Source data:
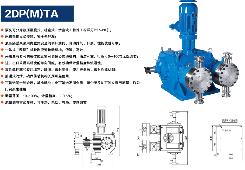 2DP(M)TA系列: 柱塞式计量泵和液压隔膜式计量泵外形及安装尺寸一致,其内部结构和泵头不一样,具体选型请详细了解“产品型号”如"DPMWA"指液压隔膜式计量泵,"DPWA"指柱塞式计量泵.
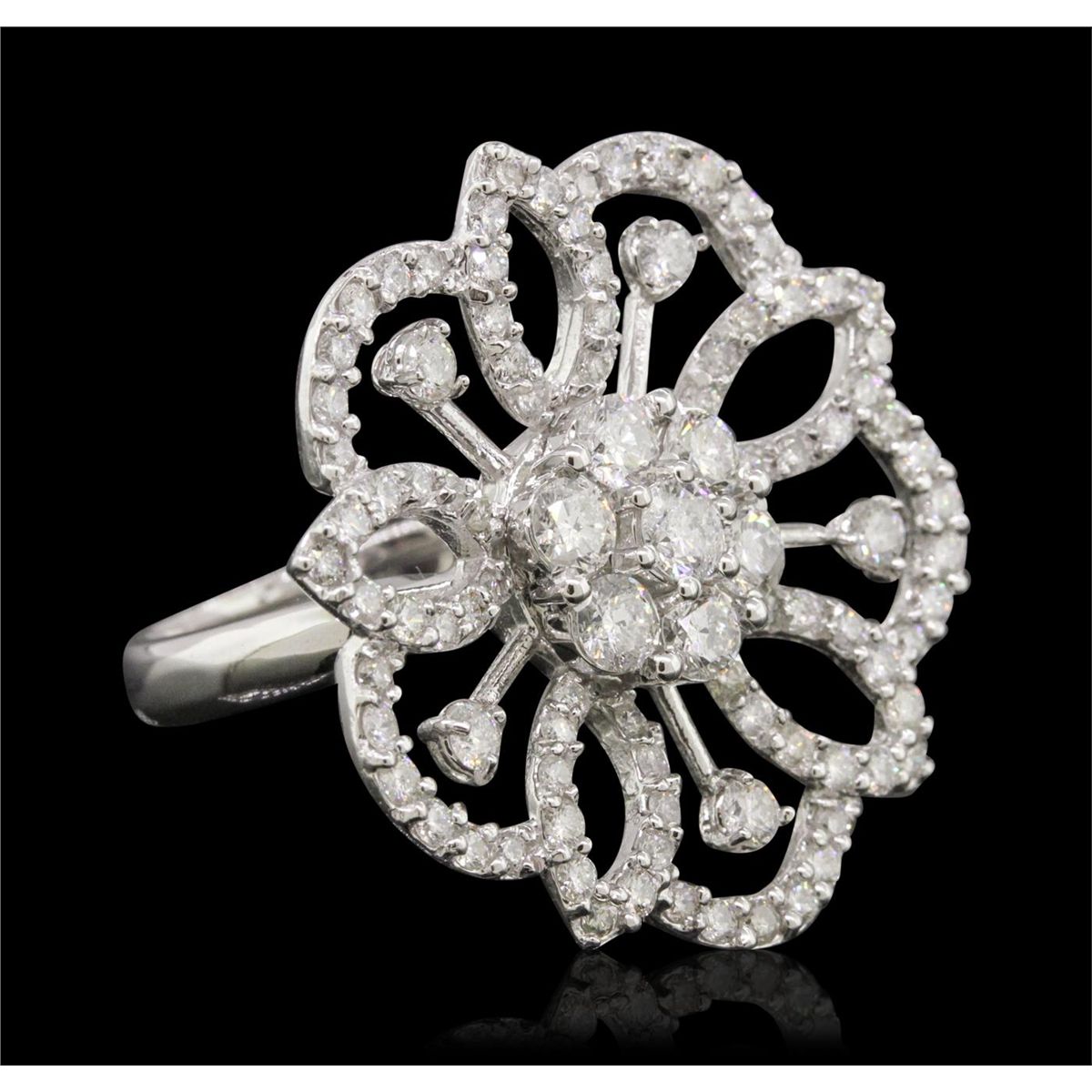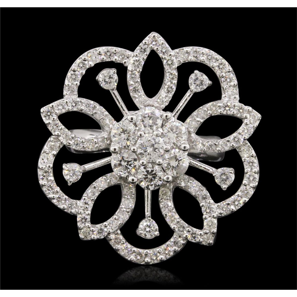One electronically tested 14KT white gold ladies combination cast & assembled ring with a bright polish finish. Condition is new. Identified with markings of "K14". Containing: Twelve prong set round brilliant cut diamonds, measuring 3.60 - 2.10 x 1.71mm (depth est.) approximate. Total Weight of 12 Stones = 1.02ct. Clarity: SI-2 to I-1. Color: I - J, Cut is Good. Eighty-Five prong set round brilliant cut diamonds, measuring 1.30 - 1.30 x 0.78mm (depth est.) approximate. Total Weight of 85 Stones = 0.68ct. Clarity: I-1 to I-2. Color: I - J, Cut is Good. All diamonds are graded in the mounting, unless otherwise stated. Total Weight of Diamonds 1.70ct. Total Weight of Ring 9.80 grams. GGL Appraised at $7,395.00.
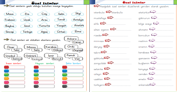 1.Sınıf Türkçe Özel İsimler ve Kesme İşareti Etkinliği
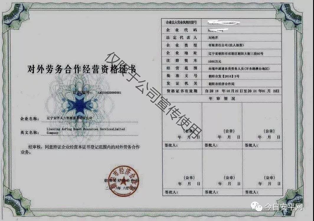 遼寧安平人力資源服務(wù)有限公司成功獲得了商務(wù)部頒發(fā)的對(duì)外勞務(wù)合作經(jīng)營許可證,多年的境內(nèi)勞務(wù)派遣經(jīng)驗(yàn)使我公司掌握著全國24個(gè)省份人力資源信息,通過專業(yè)的服務(wù)于世界20多個(gè)國家開展了勞務(wù)合作,為每一位客戶量身訂做出國就業(yè)方案,圓其出國夢(mèng)想。
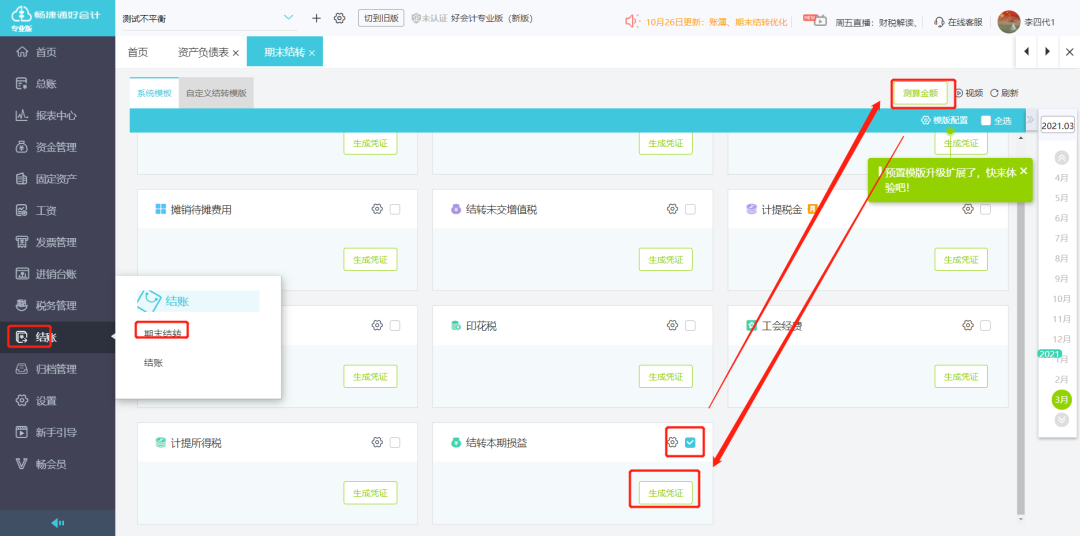 财务软件依次点击【结账】-【期末结转】,勾选对应结转模板,点击【测算金额】后,在【结转损益】方框下点击【生成凭证】即可自动结转生成期间损益结转的凭证,然后点击保存即可。
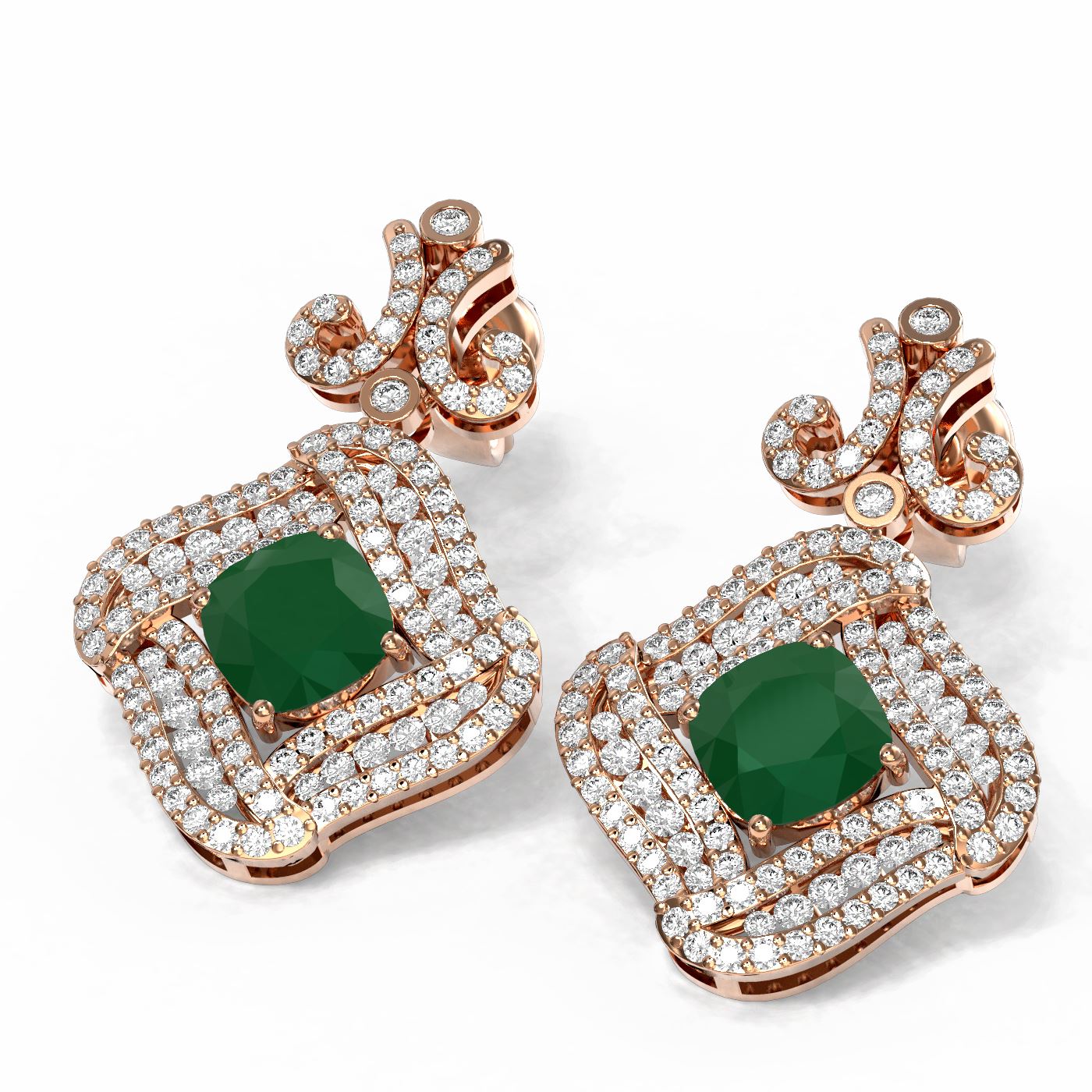 SKU: 54234 ---- 7.51 ctw Emerald & Diamond Earrings 18K Rose Gold

# [Your assignment]
Return the opening line of the data above and every line after it up to and including the line that holds "遼寧安平人力資源服務(wù)"; pictures stay out.

# [Problem solution]
 2DP(M)TA系列: 柱塞式计量泵和液压隔膜式计量泵外形及安装尺寸一致,其内部结构和泵头不一样,具体选型请详细了解“产品型号”如"DPMWA"指液压隔膜式计量泵,"DPWA"指柱塞式计量泵.
One electronically tested 14KT white gold ladies combination cast & assembled ring with a bright polish finish. Condition is new. Identified with markings of "K14". Containing: Twelve prong set round brilliant cut diamonds, measuring 3.60 - 2.10 x 1.71mm (depth est.) approximate. Total Weight of 12 Stones = 1.02ct. Clarity: SI-2 to I-1. Color: I - J, Cut is Good. Eighty-Five prong set round brilliant cut diamonds, measuring 1.30 - 1.30 x 0.78mm (depth est.) approximate. Total Weight of 85 Stones = 0.68ct. Clarity: I-1 to I-2. Color: I - J, Cut is Good. All diamonds are graded in the mounting, unless otherwise stated. Total Weight of Diamonds 1.70ct. Total Weight of Ring 9.80 grams. GGL Appraised at $7,395.00.
 1.Sınıf Türkçe Özel İsimler ve Kesme İşareti Etkinliği
 遼寧安平人力資源服務(wù)有限公司成功獲得了商務(wù)部頒發(fā)的對(duì)外勞務(wù)合作經(jīng)營許可證,多年的境內(nèi)勞務(wù)派遣經(jīng)驗(yàn)使我公司掌握著全國24個(gè)省份人力資源信息,通過專業(yè)的服務(wù)于世界20多個(gè)國家開展了勞務(wù)合作,為每一位客戶量身訂做出國就業(yè)方案,圓其出國夢(mèng)想。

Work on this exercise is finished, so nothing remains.